# Reciprocal Changes in 12-Lead with Acute STEMI



## Jayy (Jun 1, 2015)

I'm trying to understand reciprocal changes leading to the interpretation of a Posterior wall MI.

Is it basically if you have ST elevation in the inferior leads + reciprocal depression in the Anterioseptal leads, that automatically means it's a posterior wall MI? This is a concept we are just being introduced to in school, so I apologize if I'm not using proper terminology. 

Here's the guide we were given to review:


----------



## Gurby (Jun 1, 2015)

The inferior leads (II, III and aVF) have nothing to do with the posterior.  The thing that makes this EKG suspicious for posterior MI is the ST depression in v1-v3.  If you put posterior leads on (v7-v9), you'd likely see ST elevation there.  Leads v1-v3 are reciprocal to the posterior leads.  

There also happens to be an inferior MI going on as you can see from the limb leads.  

Think about the limb leads and precordial leads as looking at different planes of the heart:  I, II, and III (and aVR, aVL and aVF which are derived from I, II, and III through some math) look at the heart vertically, while the v leads look horizontally.  They don't really have anything to do with each other.

This picture might help.  Notice how the v leads circle around the heart horizontally while the limb leads go around vertically:


----------



## TomB (Jun 1, 2015)

Jayy said:


> I'm trying to understand reciprocal changes leading to the interpretation of a Posterior wall MI.
> 
> Is it basically if you have ST elevation in the inferior leads + reciprocal depression in the Anterioseptal leads, that automatically means it's a posterior wall MI? This is a concept we are just being introduced to in school, so I apologize if I'm not using proper terminology.
> 
> ...



If the only abnormality on this ECG was the abnormality present in leads V1-V3 I would call it acute isolated posterior STEMI.

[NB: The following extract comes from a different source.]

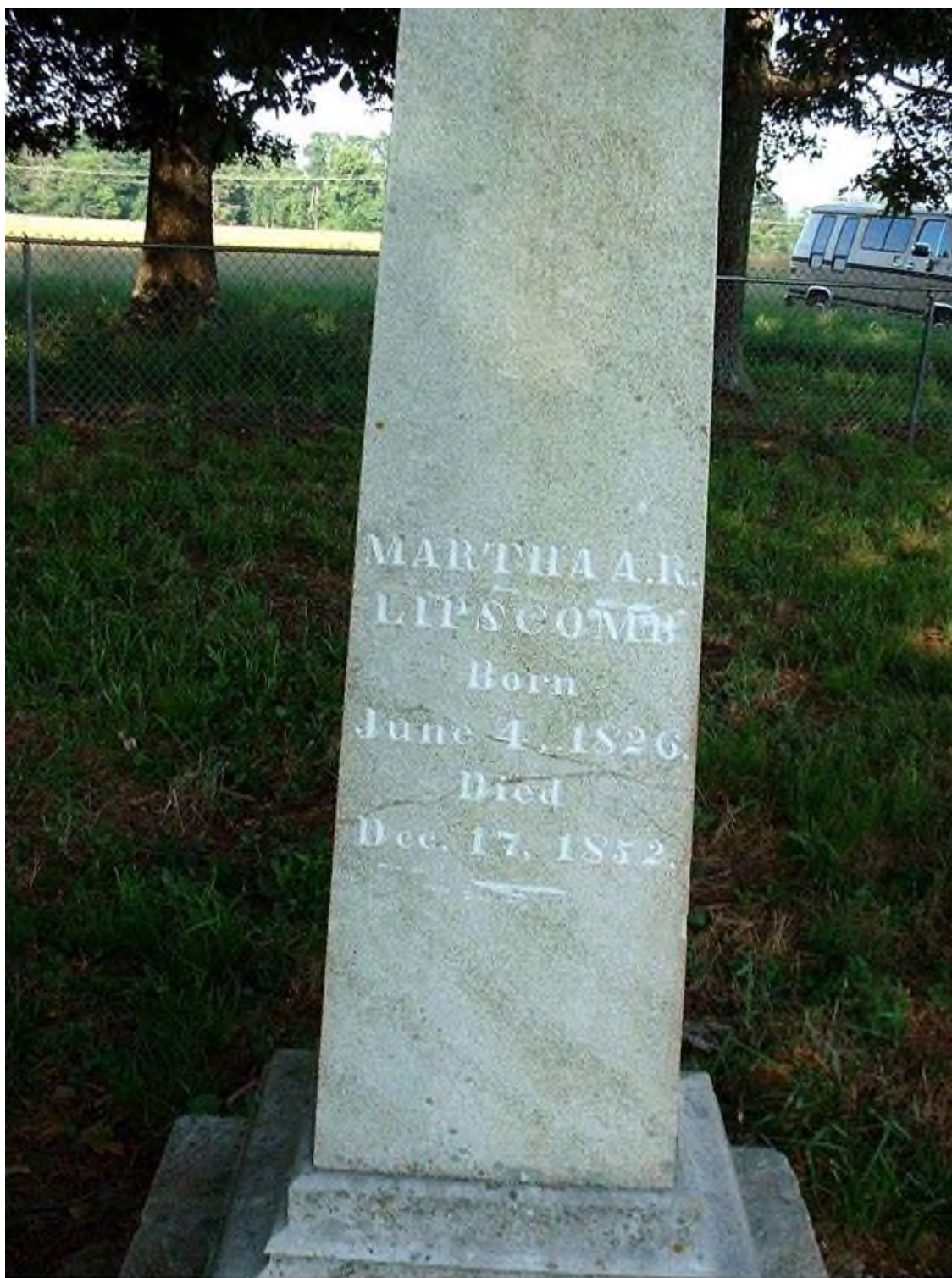
Redstone Arsenal: Lipscomb Cemetery, June, 2002.

The close death dates for Martha and Robert may indicate an epidemic of some type affected the family, but usually epidemics were in the summers.

It is true that you can "train your mind" to see acute isolated posterior STEMI by paying close attention to these leads in the setting of acute inferior STEMI because the posterior descending artery often branches off the RCA.

Tom


----------



## Brandon O (Jun 1, 2015)

@Gurby: A couple cautions. First, there is indeed a relationship between the posterior and inferior leads; they are often largely fed by the same vessel. Second, it is something of an overstatement to suggest that reciprocal leads are unrelated anatomically; most of them can be associated if you recognize which walls actually face one another.


----------



## Gurby (Jun 2, 2015)

Brandon O said:


> @Gurby: A couple cautions. First, there is indeed a relationship between the posterior and inferior leads; they are often largely fed by the same vessel. Second, it is something of an overstatement to suggest that reciprocal leads are unrelated anatomically; most of them can be associated if you recognize which walls actually face one another.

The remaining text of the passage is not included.